Personal information
- Full name: Lucio Fernando España López
- Date of birth: 29 October 1971
- Place of birth: Colombia
- Date of death: 2 June 2005 (aged 33)
- Place of death: Jamundí, Colombia
- Position(s): Defender

Senior career*
- Years: Team / Apps / (Gls)
- 1994: Quindío / 21 / (0)
- 1995: Cortuluá / 23 / (6)
- 1996–1998: Bucaramanga / ? / (?)
- 1996: Pereira / ? / (?)
- 1999: Nacional / 19 / (0)
- 2000: Atlético Junior / 19 / (1)

= Lucio España =

Colombian footballer (1971-2005)

Lucio Fernando España López (29 October 1971 — 2 June 2005) was a Colombian footballer. The defender helped Atlético Nacional win the national league title in 1999, and also played for Atlético Bucaramanga, Real Cartagena, Atlético Junior, Deportes Quindío and Deportivo Pereira.

==Career==
España played well for Cortuluá during 1995, but a move to Deportivo Cali fell through after he failed a physical before the 1996–97 season began.
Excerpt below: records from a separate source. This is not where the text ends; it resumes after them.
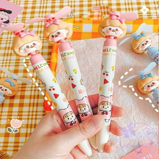 Bút Mực Đen Ngòi 0.5mm Kèm Quạt Họa Tiết Hoạt Hình Dùng Cho Văn Phòng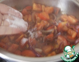 Добавить томаты, нарезанные кубиком, тушить, помешивая пару минут. Добавить выдавленный лимоный сок,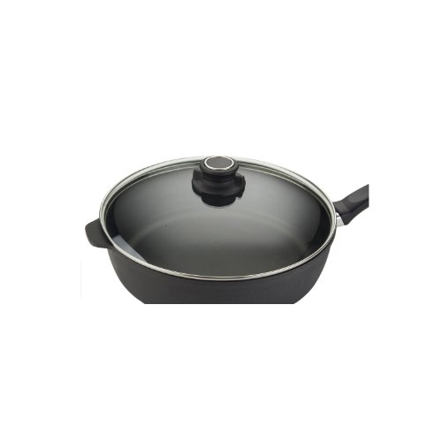 Swiss TITAN's versatile 11" Saute pan is a dream come true for any cooking enthusiast. Made by Swiss Diamond, Swiss TITAN's 4.3-quart (11 inch) Saute Pan is perfect for meat, vegetables, sauces, and more. Made in Switzerland, the cookware features a long-lasting, PFOA-free nonstick coating reinforced with titanium for years of effortless clean-up. The cast aluminum body will never warp and the perfectly flat base provides uniform heat distribution. The ergonomic handle is designed to stay cool on the stovetop. Manufacturing defects are covered through a 3 Year Limited Warranty.Feature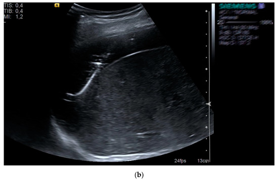 Afterwards, we established its features regarding: content (hypoechoic, hyperechoic, mixt), rim, boundaries (nearby organs, structures etc.), distance from skin, interposing vessels. Afterwards, we punctured the collection using an 18-Gauge Chiba needle under real-time sonographic guidance. We aspired a small quantity of fluid to confirm position and we sent it for microbiological analysis. The next step was the insertion of a 0.035-inch guidewire, while the needle (trocar) was slowly withdrawn. We dilated the incision site by using dilators with progressive diameters. Finally, we inserted a pigtail catheter which was sutured to skin and connected to a bag. Some of the ultrasound images can be seen below, in Figure 2 and Figure 3.
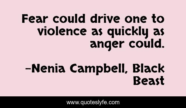 This page presents the quote "Fear could drive one to violence as quickly as anger could.". Author of this quote is Nenia Campbell, Black Beast. This quote is about anger, fear, violence, life,.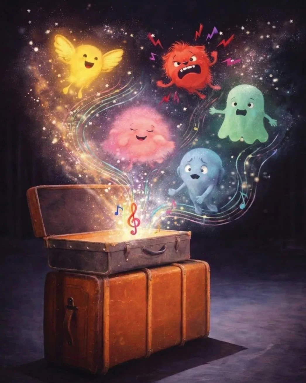 Hvordan kjennes det i kroppen når glede bobler over? Hva gjør sinne når det bruser? Hvordan hvisker tristhet, og hva skjer når redsel sniker seg inn? Og kan ro hjelpe når alt blir litt for mye? Gjennom levende musikk, lek og bevegelse får barna oppleve hvordan følelser kan høres, kjennes og uttrykkes.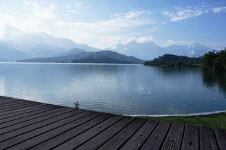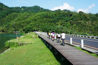 水社親水步道是連接水社碼頭至九龍口重要的人行動線,起點為水社碼頭,終點為九龍口竹石園,全程皆為無障礙斜坡道,十分平緩易行;並有高架木棧道創造出臨水賞景的最佳位置。沿途使用現地砂岩堆砌出具有當地意象的石牆圍塑出休憩點,遊客可在憑欄遠眺之際,藉由解說系統獲得旅遊資訊以及生態知識。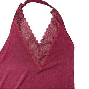 AEO American Eagle Outfitters Maroon V-Neck Lace Trim Halter bodysuit top Small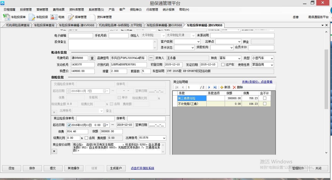 1、使用津KVR988在易保通系统内报价时显示的折扣为0.52,在保险公司系统内报价的时候显示为0.3938,导致报价结果不一致。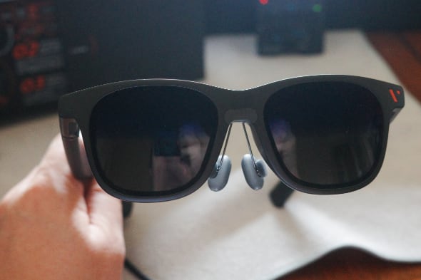 輝度の4000nitという数字だけ見てもよく分からないと思いますが、要するに屋外での使用で問題ないレベルです。さらにワンプッシュでいわゆるサングラス状態する電子調光機能(遮光率は0.5%と40%の2段階)もあるので、画面表示のためのサングラスカバーのようなものも必要ありません。VITURE Proをかけたままで、外を確認することもストレスなくできます。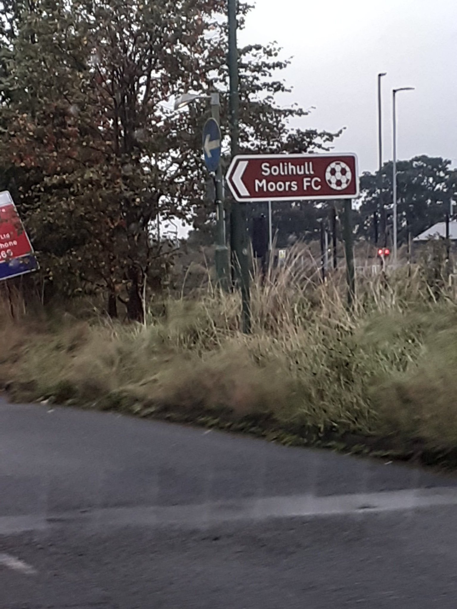 There is parking at the ground. However, you need to pre-book it. I was all cocky thinking we’re in non-league, how busy is it going to be? The steward helpfully directed us to a nearby NCP car park. Now, normally when a steward directs you to a nearby car park it’s because they’ve got an arrangement with said car park and you can actually park there. NCP is 0.7 miles from the ground and, as we discovered, you can’t park there. Solihull is 90% car parks but you can’t use any of them! Our woes are complicated by Maria missing her turning into the NCP car park and we have to drive around.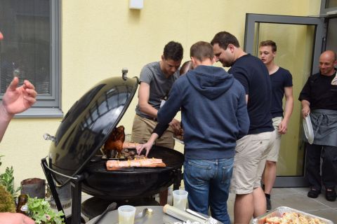 Um mit den richtigen Tipps und Tricks in die Grillsaison zu starten, wurde ein passender Kurs dazu organisiert. Der Startschuss fiel um 9 Uhr, wo alle Teilnehmer eintrafen. Gleich darauf wurden mit den Vorbereitungen begonnen. Auf der Menükarte stand · Ripperl · Bierhuhn · Steak · Lachs · Bratwurstbaguette · Salat · Kartoffelgratin · für den Nachtisch Schokobananen
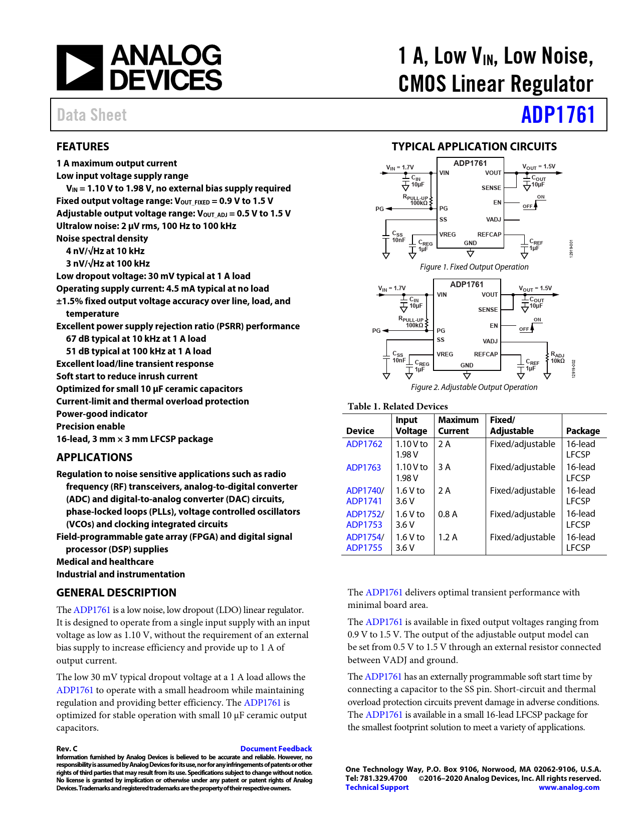 1 A, Low VIN, Low Noise,. CMOS Linear Regulator. Data Sheet. ADP1761. FEATURES. TYPICAL APPLICATION CIRCUITS

In 1999, España joined Atlético Nacional from Atlético Bucaramanga.

==Personal==
On 2 June 2005, España was shot by two thieves while picking up a nephew from a football field in Jamundí. A number of Colombian footballers have been shot the last 20 years, the most notable being Andrés Escobar. Other firearms victims include former Atlético Nacional players Albeiro Usuriaga, who was killed in Cali one year earlier, Omar Cañas, Martin Zapata, Elson Becerra, Jairo Zulbarán and Felipe Pérez Urrea.